▸ **WHAT IS BEING ASKED**:
The reply is a verbatim copy of the listing below with its images dropped.

▸ **DATA EXCERPT**:
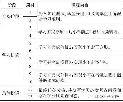 教学实验一共持续12周。其中前两周进行先备知识测试以及学生分组;第3~10周学习机器人课程知识,并完成4个项目;第11~12周进行任务考核,以及态度问卷调查和学习沉浸度问卷调查,任务考核和问卷填写要求每个学生独立完成。具体课时安排见表2。
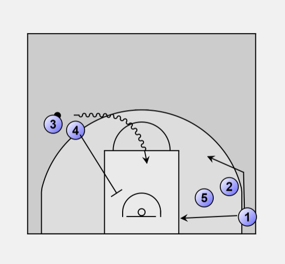 On the trigger pass to the trailer, the corner player flex cuts off to the basket, then the corner.
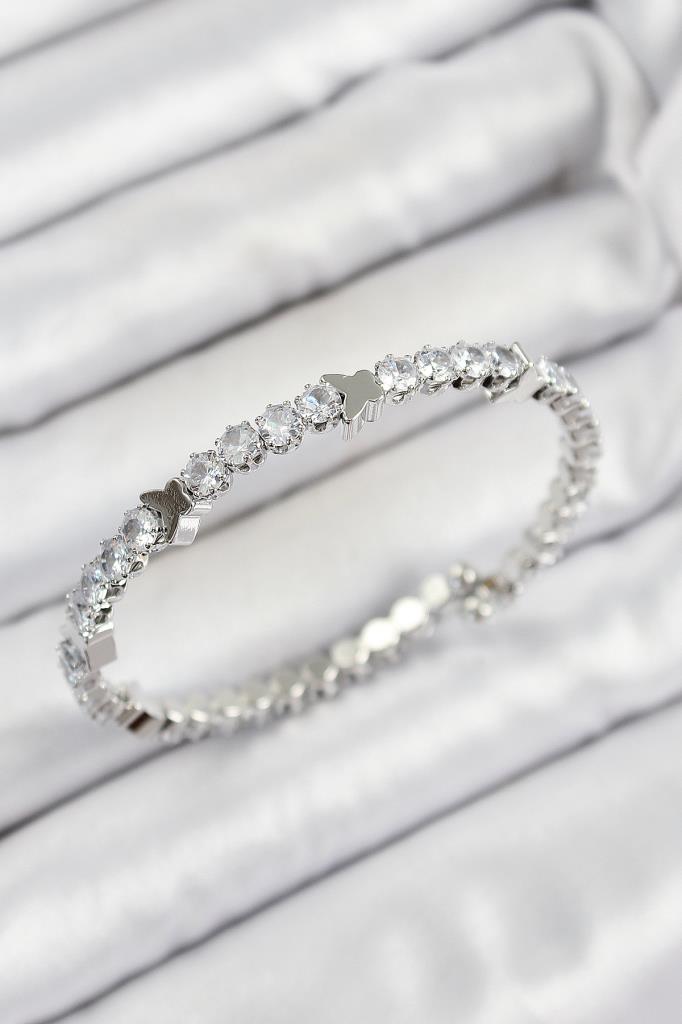 Pirinç Zirkon Taşlı Kalp Model Gümüş Renk Yaylı Kadın Bileklik - BB7220

▸ **FINISHED EXERCISE**:
 教学实验一共持续12周。其中前两周进行先备知识测试以及学生分组;第3~10周学习机器人课程知识,并完成4个项目;第11~12周进行任务考核,以及态度问卷调查和学习沉浸度问卷调查,任务考核和问卷填写要求每个学生独立完成。具体课时安排见表2。
 On the trigger pass to the trailer, the corner player flex cuts off to the basket, then the corner.
 Pirinç Zirkon Taşlı Kalp Model Gümüş Renk Yaylı Kadın Bileklik - BB7220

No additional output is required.